Study launched to evaluate office-based procedure for insertion of cardiac monitor

Biotronik announced that it has begun enrolling patients in the Biolnsight clinical study, which will evaluate the safety and feasibility of an office-based procedure for insertion of a cardiac monitor.

According to a press release, the monitor (BioMonitor 2), which is placed underneath the skin of a patient, assists physicians in diagnosing and detecting atrial fibrillation and syncope.

Additionally, the device can monitor AF in patients who have undergone procedures for ablation, the company stated.

“One of the benefits of BioMonitor 2 is the ease of the insertion procedure, which typically only takes a few minutes,” Raul Weiss, MD, FACC, cardiologist at The Ohio State University, said in the release. “In-office procedures can reduce patient’s and physician’s time, increase access to the device and reduce cost burdens for health care systems. Early insertion will likely also reduce the time needed for a conclusive diagnosis.”

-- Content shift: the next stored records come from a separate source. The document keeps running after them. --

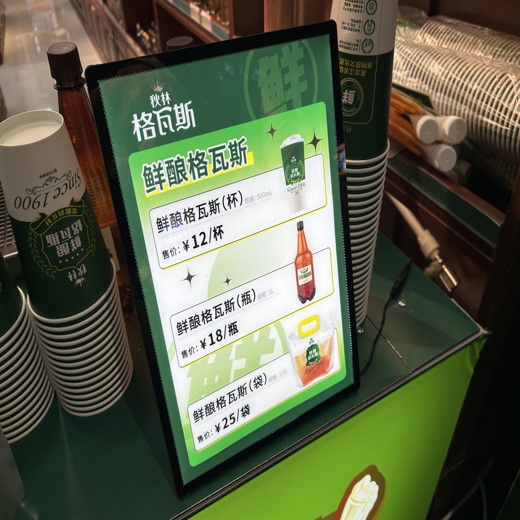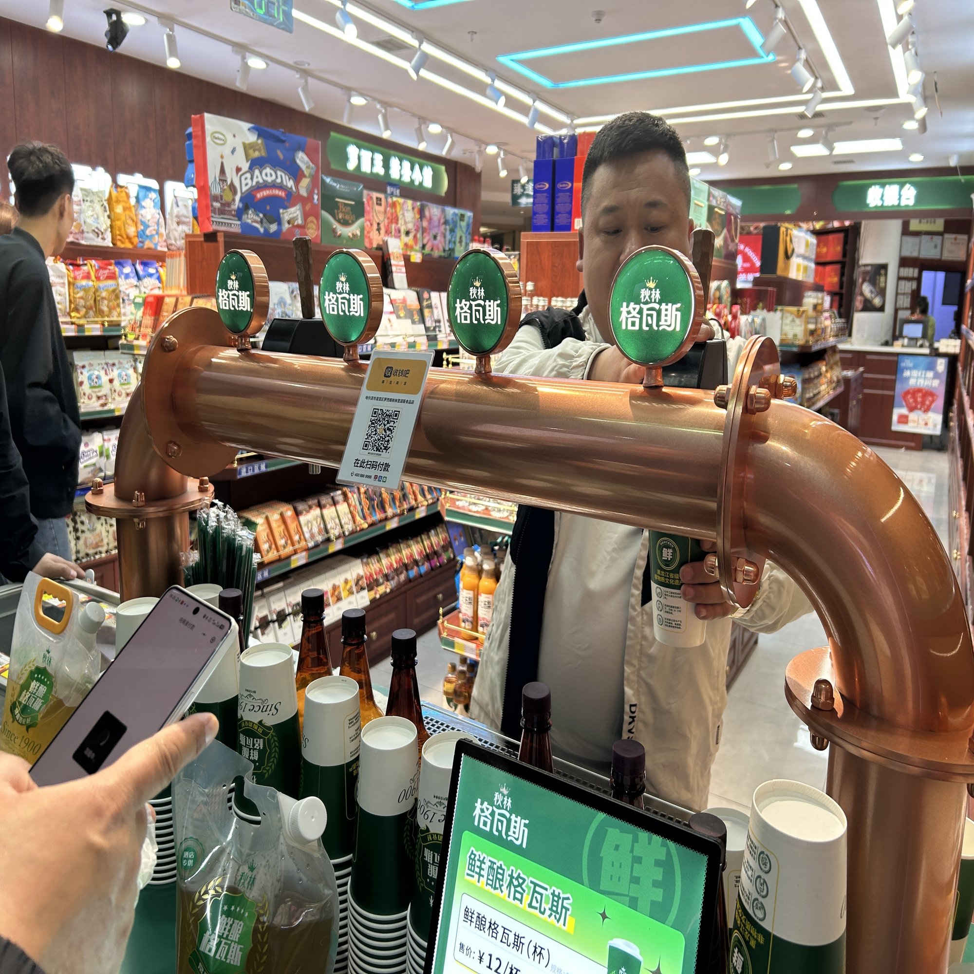 酒といえば、街のあちこちに、古式のビールサーバーのような装置を備えたドリンクスタンドがあった。 「现酿现打(その場で醸して、その場で注ぐ)」といううたい文句に惹かれ、ビールでも飲みながら歩こうかと近づいてみると、注がれたのはビールではなく、格瓦斯(クワス)だった。
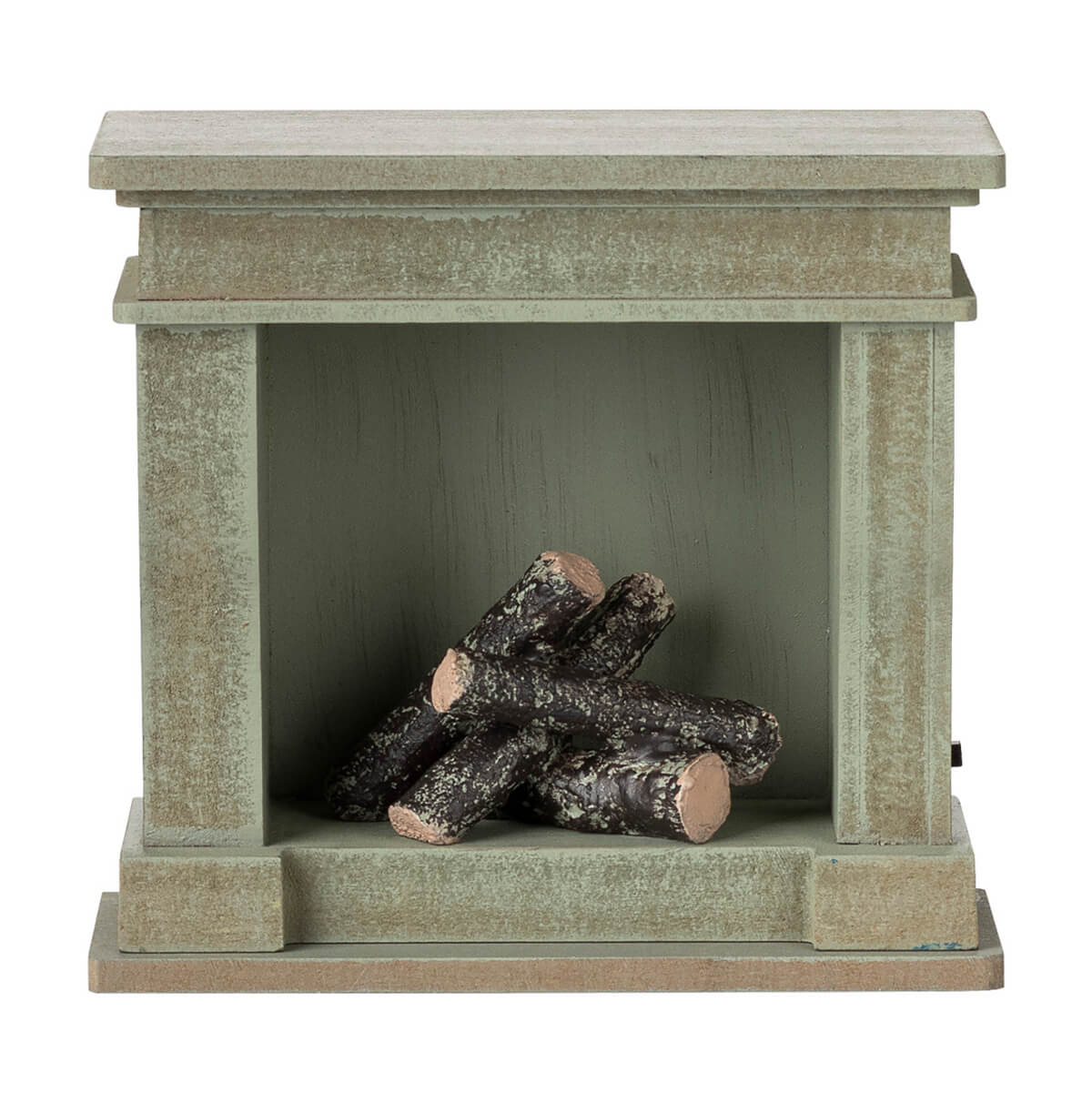 Miniature fireplace by Maileg. Use this wooden fireplace to warm your miniature home. It has an authentic look and a vintage finish. Remember to turn off when your friends go to bed. An adult can change the battery, which is non-rechargeable.
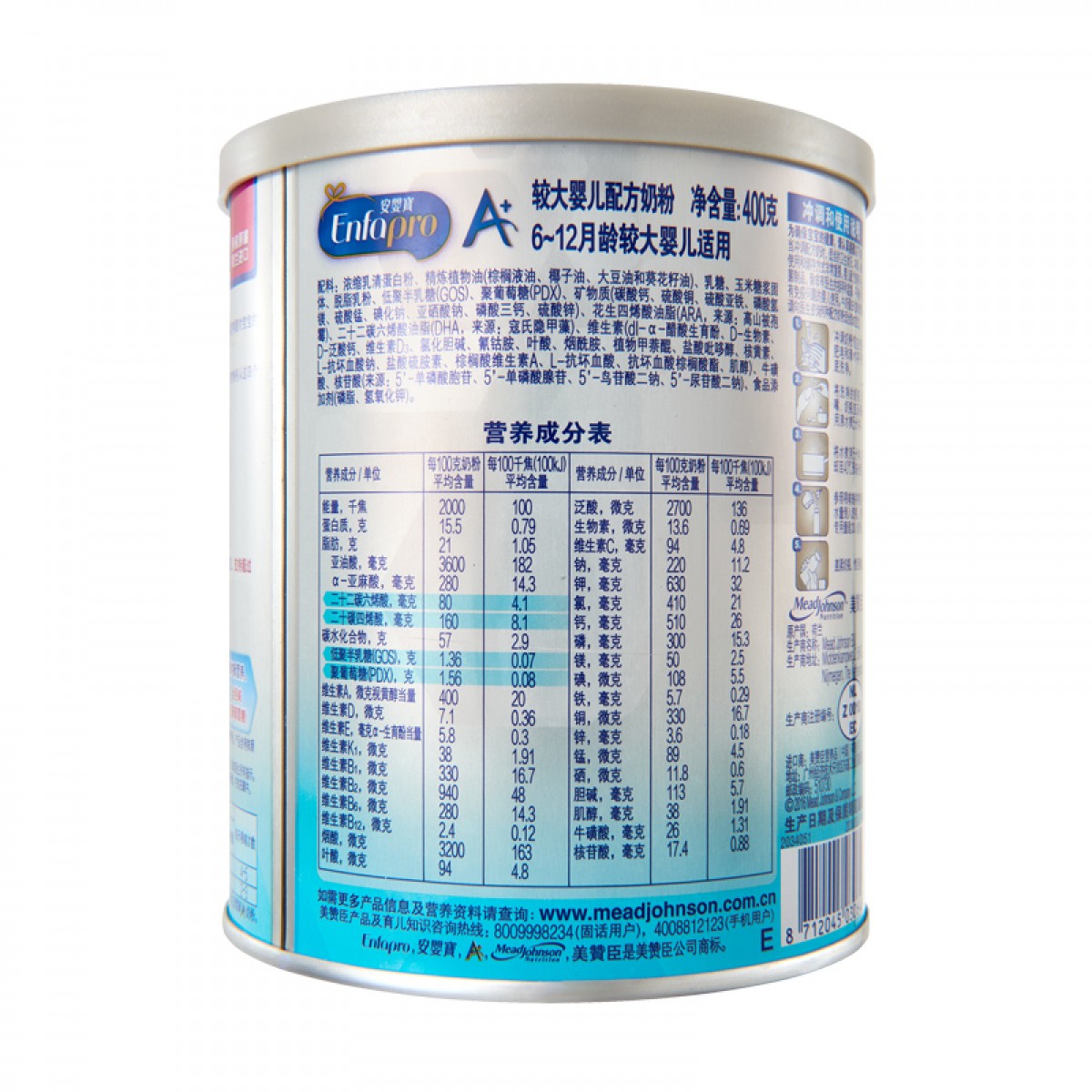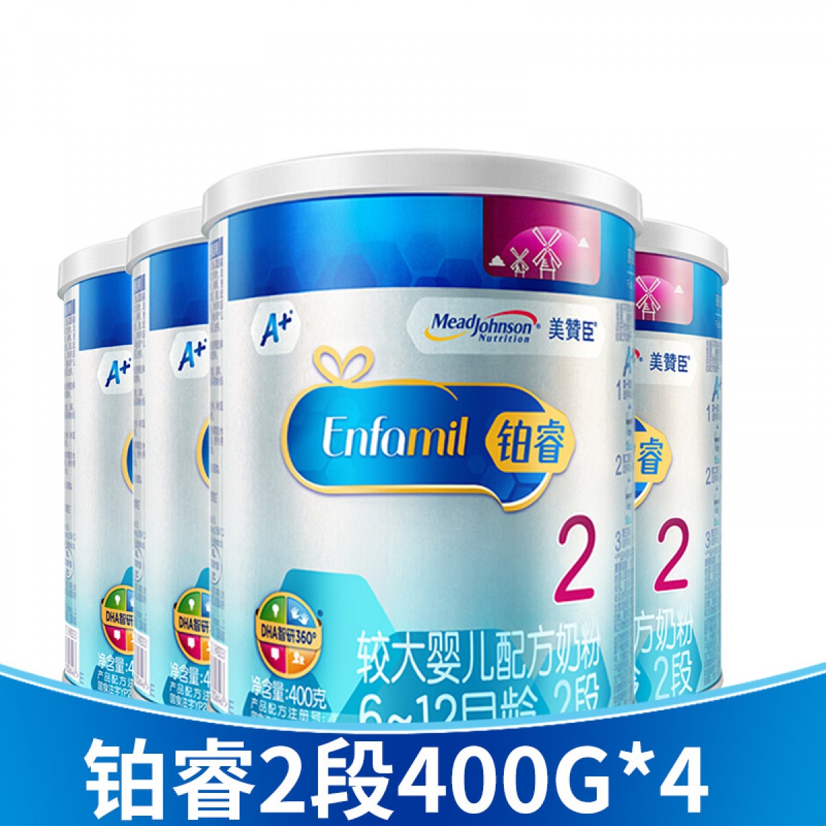 商品名称:美赞臣 荷兰版铂睿2段400g*4罐 婴儿配方奶粉比850g克实惠

The multicenter, prospective, nonrandomized postmarket study will evaluate patients who have received the BioMonitor 2 device in an office setting for 90 days for complications such as infection and bleeding, according to the release.

Disclosure: Weiss reports receiving consultant fees, speaker fees and research grants from Biosense Webster, Biotronik, Boston Scientific, Medtronic and St. Jude Medical.